---- EXERCISE DATA

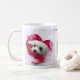 Pretty white mug with a cute but dramatic heart picture of Snowdrop the Maltese.
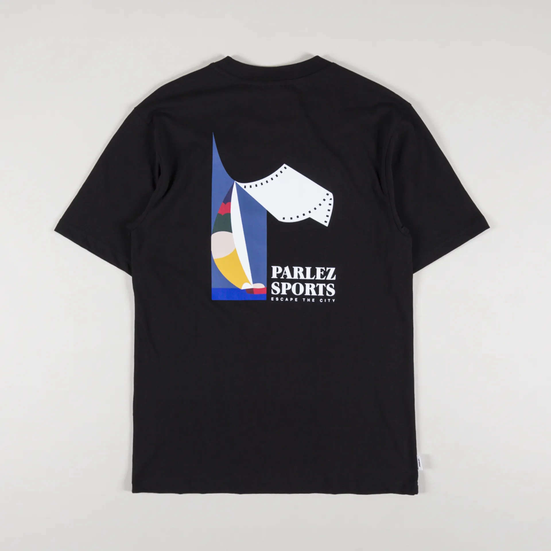 A short sleeve tee from Bristol-based Parlez, made from a comfortable 100% organic cotton with a ribbed crew neck. It has graphic branding to the chest and back, and a woven flag label to the side.
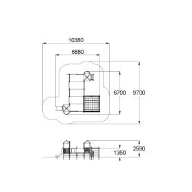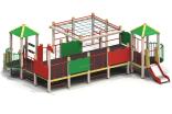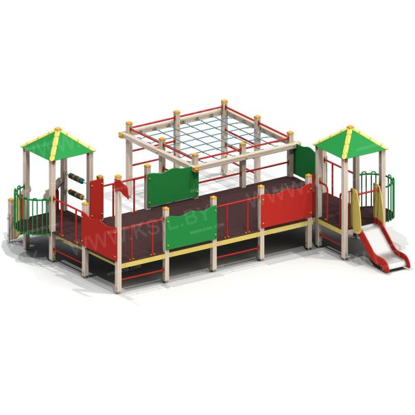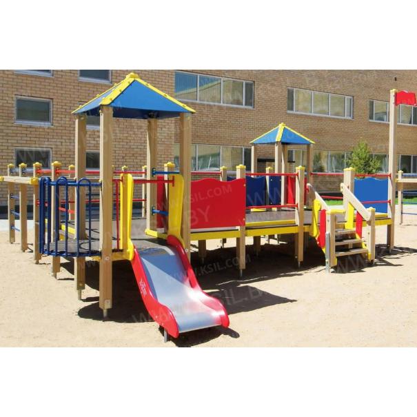 Детский игровой комплекс должен представлять собой модульную, сборно-разборную конструкцию, состоящую из 2-х башен с крышами и единой площадки с вынесенным гимнастическим комплексом. К единой площадке должна быть пристроена лестница. Несущие столбы должны быть выполнены из клееного деревянного бруса сечением не менее 100х100 мм и иметь скругленный профиль с канавкой посередине. Сверху столб должен заканчиваться пластиковой заглушкой, снизу столб должен заканчиваться металлическим оцинкованным подпятником диаметром не менее 42 мм, который бетонируется в землю. К башне 1 с крышей, с высотой площадки не менее 647 мм должны быть пристроены: горка, перекладины, поручни, радиусный балкон. К башне 2 с крышей, с высотой площадки не менее 647 мм должны быть пристроены: фанерное ограждение, радиусный балкон, счеты. К единой площадке должны быть пристроены перекладины и фанерные ограждения, декоративный флаг, крепящийся к несущему столбу. Вынесенный гимнастический комплекс должен представлять собой конструкцию, состоящую из несущих столбов, установленных в три ряда, параллельно друг другу. В крайних рядах должно быть по три несущих столбов, расположенных на равном расстоянии друг от друга, в среднем ряду по два столба. В каждом ряду несущие стойки в верхней части должны быть соединены балками и горизонтальными столбами. В верхней части должна быть расположена полипропиленовая сетка, проемы гимнастического комплекса должны быть оснащены: шведскими стенками. Несущие столбы комплекса должны быть выполнены из клееного деревянного бруса сечением не менее 100х100 мм и иметь скругленный профиль с канавкой посередине. Сверху столб должен заканчиваться пластиковой заглушкой желтого цвета, снизу столб должен заканчиваться металлическим оцинкованным подпятником диаметром не менее 42 мм, который бетонируется в землю. Крыша башен должна состоять из 4-х скатов и 4-х наличников, выполненных из влагостойкой фанеры толщиной не менее 9 мм и соединенных между собой в верхней части колпаком. Полы единой площадки и башни должны быть выполнены из влагостойкой противоскользящей фанеры толщиной не менее 21 мм. Горка должна состоять из ската, бортиков, защитной секции и защитной перекладины. Горка должна иметь стартовый участок высотой не менее 647 мм, участок скольжения и конечный участок. Скат должен быть изготовлен из единого листа нержавеющей стали толщиной 1,5 мм, утопленный в паз бортиков горки. Бортики горки, выполненные из влагостойкой фанеры толщиной не менее 21 мм должны быть высотой не менее 100 мм. Защитная перекладина должна быть выполнена из металлической трубы диаметром не менее 33 мм, побуждающая ребенка присесть и установлена на высоте не менее 600 мм от уровня поверхности стартового участка горки. Защитная секция горки должна быть выполнена из влагостойкой фанеры толщиной не менее 21 мм. Радиусный балкон должен состоять из пола, выполненного из влагостойкой ламинированной противоскользящей фанеры толщиной не менее 21 мм и радиусного металлического ограждения из труб диаметрами не менее 21 мм и не менее 33 мм. Перекладины, перекладины шведской стенки, поручни, балки гимнастического комплекса должны быть выполнены из металлической трубы диаметром не менее 33 мм. Лестница высотой не менее 647 мм должна быть оснащена перилами, выполненные из деревянной
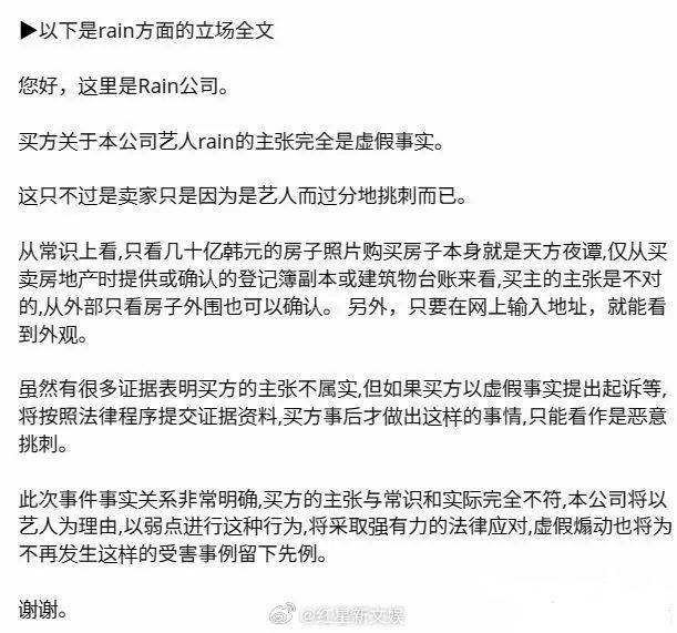 RAIN对指控提出否认,称从未拒绝该买家实地参观房屋,并指出从未发布过带有游泳池的照片。RAIN的经纪公司也发表声明称,该买家的指控完全站不住脚,他们还拥有大量证据来证明买家的指控不属实,并将采取法律措施应对这种利用名人身份进行不实指控的行为。

--------

REQUIREMENT.
The data above, line by line: transcribe it exactly and drop the pictures.

REPLY TO THE TASK.
 Pretty white mug with a cute but dramatic heart picture of Snowdrop the Maltese.
 A short sleeve tee from Bristol-based Parlez, made from a comfortable 100% organic cotton with a ribbed crew neck. It has graphic branding to the chest and back, and a woven flag label to the side.
 Детский игровой комплекс должен представлять собой модульную, сборно-разборную конструкцию, состоящую из 2-х башен с крышами и единой площадки с вынесенным гимнастическим комплексом. К единой площадке должна быть пристроена лестница. Несущие столбы должны быть выполнены из клееного деревянного бруса сечением не менее 100х100 мм и иметь скругленный профиль с канавкой посередине. Сверху столб должен заканчиваться пластиковой заглушкой, снизу столб должен заканчиваться металлическим оцинкованным подпятником диаметром не менее 42 мм, который бетонируется в землю. К башне 1 с крышей, с высотой площадки не менее 647 мм должны быть пристроены: горка, перекладины, поручни, радиусный балкон. К башне 2 с крышей, с высотой площадки не менее 647 мм должны быть пристроены: фанерное ограждение, радиусный балкон, счеты. К единой площадке должны быть пристроены перекладины и фанерные ограждения, декоративный флаг, крепящийся к несущему столбу. Вынесенный гимнастический комплекс должен представлять собой конструкцию, состоящую из несущих столбов, установленных в три ряда, параллельно друг другу. В крайних рядах должно быть по три несущих столбов, расположенных на равном расстоянии друг от друга, в среднем ряду по два столба. В каждом ряду несущие стойки в верхней части должны быть соединены балками и горизонтальными столбами. В верхней части должна быть расположена полипропиленовая сетка, проемы гимнастического комплекса должны быть оснащены: шведскими стенками. Несущие столбы комплекса должны быть выполнены из клееного деревянного бруса сечением не менее 100х100 мм и иметь скругленный профиль с канавкой посередине. Сверху столб должен заканчиваться пластиковой заглушкой желтого цвета, снизу столб должен заканчиваться металлическим оцинкованным подпятником диаметром не менее 42 мм, который бетонируется в землю. Крыша башен должна состоять из 4-х скатов и 4-х наличников, выполненных из влагостойкой фанеры толщиной не менее 9 мм и соединенных между собой в верхней части колпаком. Полы единой площадки и башни должны быть выполнены из влагостойкой противоскользящей фанеры толщиной не менее 21 мм. Горка должна состоять из ската, бортиков, защитной секции и защитной перекладины. Горка должна иметь стартовый участок высотой не менее 647 мм, участок скольжения и конечный участок. Скат должен быть изготовлен из единого листа нержавеющей стали толщиной 1,5 мм, утопленный в паз бортиков горки. Бортики горки, выполненные из влагостойкой фанеры толщиной не менее 21 мм должны быть высотой не менее 100 мм. Защитная перекладина должна быть выполнена из металлической трубы диаметром не менее 33 мм, побуждающая ребенка присесть и установлена на высоте не менее 600 мм от уровня поверхности стартового участка горки. Защитная секция горки должна быть выполнена из влагостойкой фанеры толщиной не менее 21 мм. Радиусный балкон должен состоять из пола, выполненного из влагостойкой ламинированной противоскользящей фанеры толщиной не менее 21 мм и радиусного металлического ограждения из труб диаметрами не менее 21 мм и не менее 33 мм. Перекладины, перекладины шведской стенки, поручни, балки гимнастического комплекса должны быть выполнены из металлической трубы диаметром не менее 33 мм. Лестница высотой не менее 647 мм должна быть оснащена перилами, выполненные из деревянной
 RAIN对指控提出否认,称从未拒绝该买家实地参观房屋,并指出从未发布过带有游泳池的照片。RAIN的经纪公司也发表声明称,该买家的指控完全站不住脚,他们还拥有大量证据来证明买家的指控不属实,并将采取法律措施应对这种利用名人身份进行不实指控的行为。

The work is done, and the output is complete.